*** Opening Recorded data ***

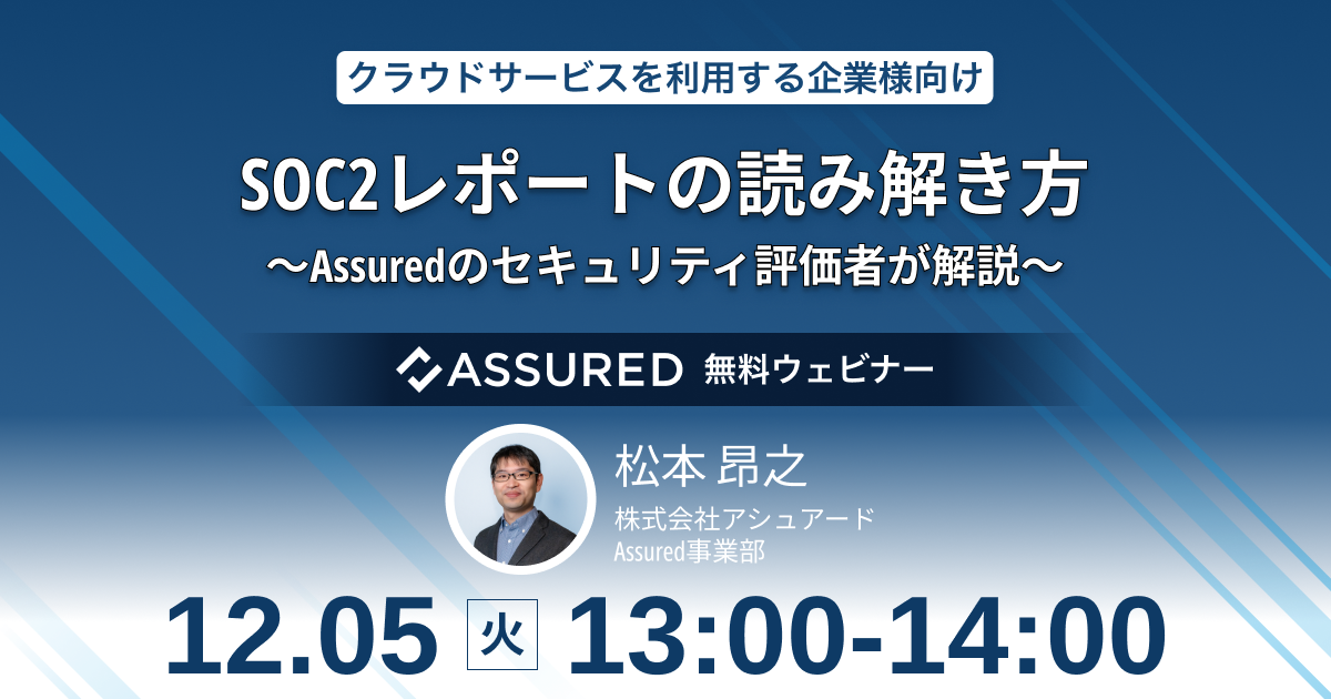 そこでAssuredは、SOC2レポートの読み解き方について、Assuredのセキュリティ評価者による解説セミナーをオンラインで開催いたします。
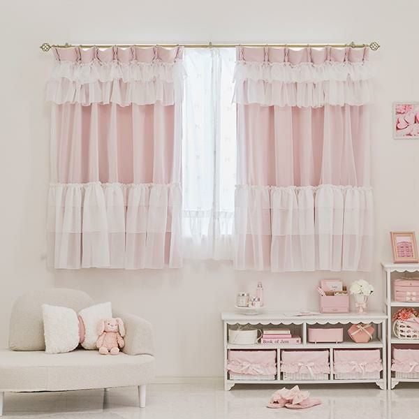 まるでお城のプライベートルームに迷い込んだかのような、宮廷ドレスを思わせるリュクスなデザイン。甘くなりすぎない落ち着いたピンクのドレープに、柔らかなホワイトのボイル生地を重ねることで、奥行きのあるフェミニンな表情を生み出しています。上部には貴婦人のドレスの襟元を思わせるボリュームフリルを、裾には贅沢に段を重ねたティアードフリルを施し、光が差し込むたびに窓辺をやさしくドラマティックに彩ります。
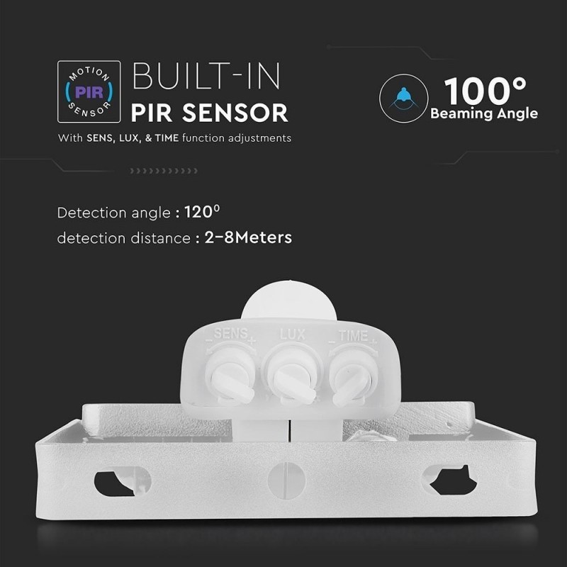V-TAC PRO Faro LED Chip Samsung 30W con Sensore di Movimento e Crepuscolare e Interruttore Manuale di Bloccaggio Colore Bianco
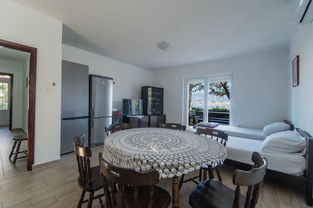 Het appartement waren we al 3 keer. Het appartement is ingericht standaard, 3 slaapkamers, keuken, badkamer, groot terras. 8-9 mensen kunnen passen zonder problemen. 2x airconditioning. Buitendouche. De eigenaar en zijn familie zijn zeer gastvrij en behulpzaam. Weg naar de zee na een levensvatbare pad ongeveer 100 m, mooi, klein strand kiezels. Meer kleine en grote romantische stranden in de omgeving, als je een stuk of per auto te bereiken. Schone zee, prachtige. Ik beveel het.

*** Closing Recorded data ***

**Work required**
Without the pictures, reproduce each line from the one containing "V-TAC PRO Faro" through the last line of the material above, both of those lines included.

**Written solution**
V-TAC PRO Faro LED Chip Samsung 30W con Sensore di Movimento e Crepuscolare e Interruttore Manuale di Bloccaggio Colore Bianco
 Het appartement waren we al 3 keer. Het appartement is ingericht standaard, 3 slaapkamers, keuken, badkamer, groot terras. 8-9 mensen kunnen passen zonder problemen. 2x airconditioning. Buitendouche. De eigenaar en zijn familie zijn zeer gastvrij en behulpzaam. Weg naar de zee na een levensvatbare pad ongeveer 100 m, mooi, klein strand kiezels. Meer kleine en grote romantische stranden in de omgeving, als je een stuk of per auto te bereiken. Schone zee, prachtige. Ik beveel het.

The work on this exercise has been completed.